|
Yamaha WR 450 F 2-Trac
 
Los prototipos con tracción total se hicieron realidad
hace ya unos años, pero ha sido Yamaha la que ha abierto la caja
de los truenos; el resultado no ha podido ser mejor
En el mundo de la moto, el progreso y el diseño de nuevas
monturas y conceptos están a la orden del día. Pero, como todo
en esta vida, lanzarse al vacío para ofrecer al consumidor del
presente algo del futuro conlleva riesgo. Ahora bien, como la
ciencia se está imponiendo sobre la fe, la marca japonesa y los
técnicos de Öhlins han sido capaces de concebir un sistema muy
sencillo, y a la vez muy resolutivo, con el que transmitir
potencia a la rueda delantera.
El
sistema, patentado con el nombre 2-Trac, utiliza una
bomba hidráulica situada encima de la caja de cambios
que bombea fluido hidráulico a través de conductos de
alta presión hasta el buje delantero, el cual alberga un
pequeño motor de un solo engranaje. Con esto se consigue
que, de una forma totalmente independiente, el motor
proporcione más presión de hidráulico a la rueda
delantera conforme la trasera va perdiendo tracción.
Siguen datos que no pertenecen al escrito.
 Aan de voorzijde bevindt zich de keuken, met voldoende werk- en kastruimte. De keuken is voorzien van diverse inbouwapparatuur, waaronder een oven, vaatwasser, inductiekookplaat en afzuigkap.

Las principales diferencias respecto de la WR 450 F
estándar se aprecian en el lado izquierdo del motor (con
la bomba hidráulica y el mecanismo que alberga la cadena
dentada) y en los latiguillos anchos que recorren toda
la parte delantera hasta el buje, también de tamaño muy
particular. El resto son el equipo de suspensiones, el
amortiguador de dirección Öhlins y el diseño específico
de los gráficos y plásticos protectores. Conviene
señalar que la carrocería mantiene la esencia WR de
enduro, con una acertada combinación de tonalidades (que
se compenetran bien con el dorado Öhlins) y un perfil
bien agresivo.
La posición de conducción es erguida (ideal para abrir
gas desde el principio) y permite moverse sobre ella con
soltura, y así repartir el peso a nuestro antojo. La
verdad es que sólo una vez en marcha y a baja velocidad
percibes la diferencia de peso entre la 2-Trac y la
estándar. Sin embargo, la curiosidad hace que la vista
se desplace a la rueda delantera mientras el cerebro
transmite a la muñeca el giro firme y sin
contemplaciones del gas. ¡Y sí!, las piedras y la tierra
salen despedidas debajo de tus pies. Esto funciona. Lo
que aún queda por delante es una jornada de adaptación y
percepción de sensaciones en todo tipo de situaciones.
Alucinante
Con sólo mantener el puño del gas en su primer tercio,
esta máquina sube por donde le pidas.
La doble tracción no es desconectable; ni está
previsto
La diferencia es clara. Con una moto estándar el tren
delantero va más o menos por donde se le pide, pero el
trasero fluye a su propia voluntad. En el caso de la
2-Trac, esto cambia notablemente. A velocidad muy alta,
aun circulando en barro o en arena muy suelta, se
mantiene tan firme como si rodara sobre raíles. Y eso
sin olvidar que al pegar fuerte con piedras enganchadas
o las molestas raíces de los árboles, parece como si la
tracción ayudara a sobrepasarlas con mayor facilidad.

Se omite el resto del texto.